BCM einfach erklärt: So finden Sie die richtigen Ausfallszenarien

Joachim Reinke
Von Joachim Reinke
Gründer & Geschäftsführer
Customer-Service-Mitarbeiterin arbeitet beim Stromausfall mit vorbereitetem Ersatzverfahren weiter

In vielen BCM-Workshops passiert ungefähr Folgendes: Jemand schreibt „Brand“, „Hochwasser“, „Cyberangriff“ und „Stromausfall“ an ein Whiteboard. Danach blickt die Runde auf diese vier Begriffe und fragt sich, ob noch eine Pandemie, ein Flugzeugabsturz oder wenigstens eine kaputte Kaffeemaschine fehlt.

Das Problem ist nicht, dass diese Ereignisse unmöglich wären. Das Problem entsteht, wenn sie die einzige Quelle für Ausfallszenarien bleiben. Wer ausschließlich bei beliebigen Katastrophen beginnt, kann sehr lange sammeln und weiß hinterher trotzdem nicht, für welche Ausfälle tatsächlich ein Continuity-Plan benötigt wird. Wer ausschließlich auf die direkt mit einem Prozess verbundenen Assets schaut, kann dagegen übergreifende Störungen übersehen.

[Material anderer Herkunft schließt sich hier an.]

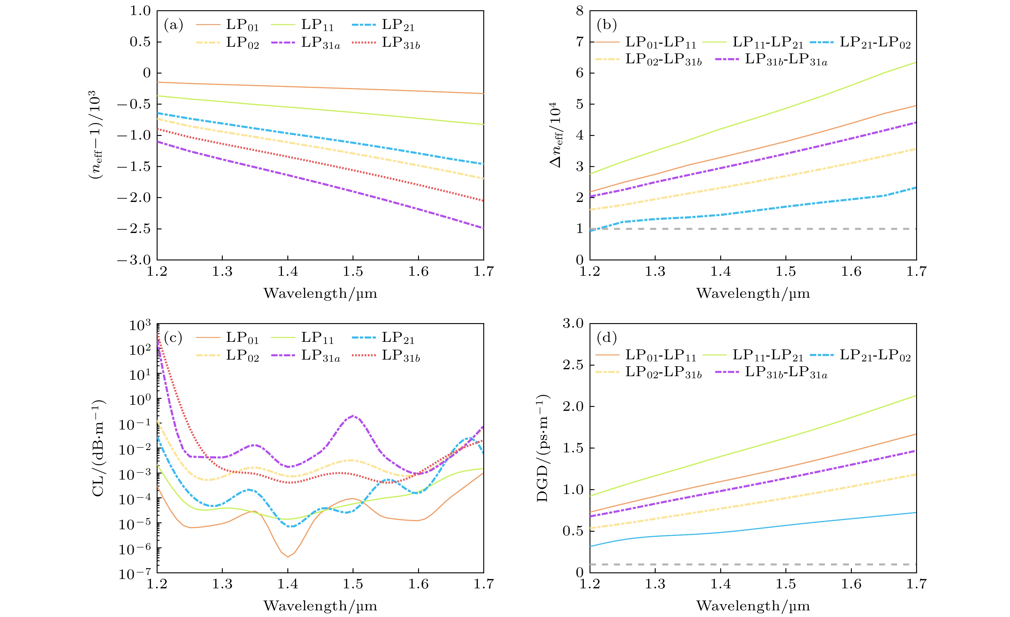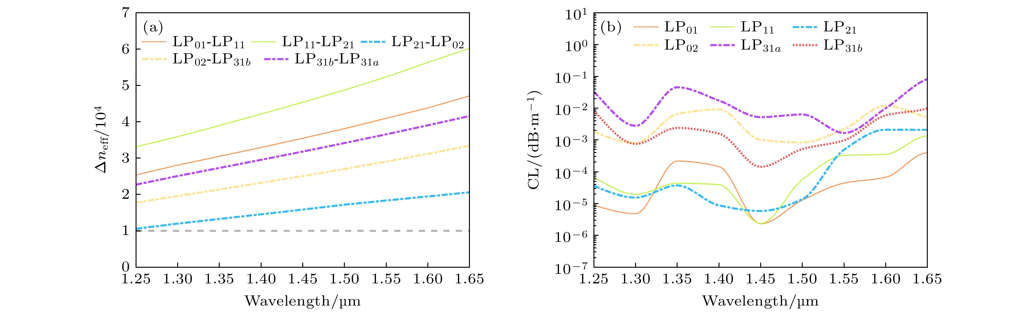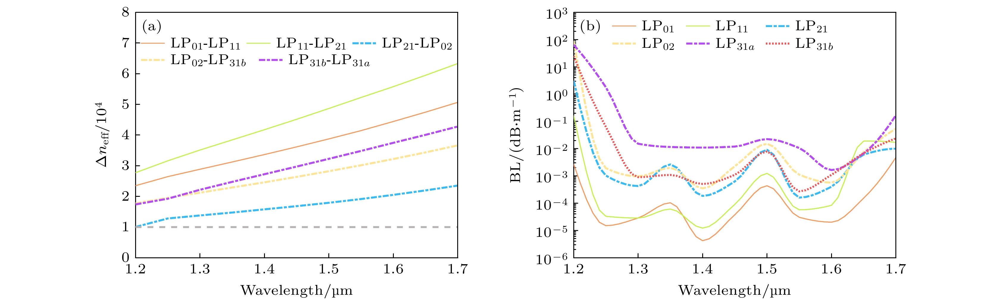 Few-mode optical fibers have played an increasingly important role in breaking through the transmission capacity limitations of single-mode optical fiber and alleviating the bandwidth crisis in optic fiber communication systems in recent years. Nevertheless, traditional solid core few-mode optical fibers usually suffer optical fiber nonlinearity and mode coupling, leading to mode crosstalk between channels. Hollow core negative curvature fibers (HC-NCF) have attracted widespread attention due to their advantages, such as low latency, low nonlinearity, low dispersion, low transmission loss, and large operating bandwidth. In this work, a novel low-loss few-mode HC-NCF with symmetrically double ring nested tube structure is designed, which supports six core modes including LP01, LP11, LP21, LP02, LP31a, and LP31b. The designed optical fiber is based on silica dioxide substrate and adopts a unique symmetrical double ring nested cladding structure, which can effectively suppress the coupling between the core mode and the cladding mode. The finite element method (FDE) is used to numerically analyze the properties of the proposed few-mode HC-NCF and optimize the structural parameters of the few-mode HC-NCF. Moreover, the confinement loss and bending loss of all core modes are investigated. The simulation results show that the proposed few-mode HC-NCF can support the independent transmission of six weakly coupled core modes (with the effective refractive index difference greater than 1×10–4between the adjacent core modes, which greatly avoids the coupling between the adjacent modes in the fiber core). In the 400 nm bandwidth (1.23–1.63 μm, covering the O, E, S, C, and L bands), all six modes in the fiber core maintain low loss transmission. Moreover, in the range of 1.3–1.63 μm, the confinement loss (CL) of LP01, LP11and LP21mode are all less than 1×10–3dB/m, and the CL of LP02and LP31bmode are both less than 3×10–3dB/m. The CL of each mode reaches the lowest value at 1.4 μm, and the LP01mode has the lowest CL of 4.3×10–7dB/m. In addition, for a bending radius of 7 cm, each mode maintains the low bending loss characteristic in a certain operating wavelength range. In the range of 1.23–1.61 μm, the BL of LP01is less than 4.5×10–4dB/m, and the BL of LP11is less than 1.3×10–3dB/m. The tolerance analysis shows that even with the deviation of structural parameters of ±1%, the few-mode HC-NCF can still maintain the characteristic of low-loss and weak coupling. The designed few-mode HC-NCF has ultra-low CL and bending-insensitive characteristics while supporting independent transmission of six modes, which will find huge potential applications in future high performance mode division multiplexing systems.

Business Continuity Management lässt sich sauberer aufbauen. Man beginnt bei den Anforderungen an das Unternehmen, geht von dort zu den kritischen Prozessen und prüft anschließend, wovon diese Prozesse abhängen. Ergänzend betrachtet man allgemeine Störungen, die mehrere Abhängigkeiten gleichzeitig treffen können. So entstehen nicht möglichst viele, sondern die richtigen Ausfallszenarien.

Die kurze Antwort

Um die richtigen BCM-Szenarien zu finden, gehen Sie rückwärts durch die Abhängigkeiten Ihres Unternehmens:

  1. Welche interessierten Parteien haben welche Anforderungen an Ihre Verfügbarkeit?
  2. Welche Prozesse erfüllen diese Anforderungen?
  3. Wie lange dürfen diese Prozesse ausfallen und auf welchem Mindestniveau müssen sie weiterlaufen?
  4. Welche Auslöser für Prozessausfälle gibt es?
    1. Welche Assets werden für die Prozesse benötigt? Was kann mit diesen Assets geschehen, sodass der Prozess nicht mehr oder nicht ausreichend funktioniert?
    2. Welche allgemeinen oder übergreifenden Störungen könnten den Prozess treffen?
  5. Wie hoch sind die daraus entstehenden Risiken?
  6. Welche Risiken akzeptieren Sie – und für welche benötigen Sie eine Behandlung, z.B. in Form eines Business Continuity-Plans?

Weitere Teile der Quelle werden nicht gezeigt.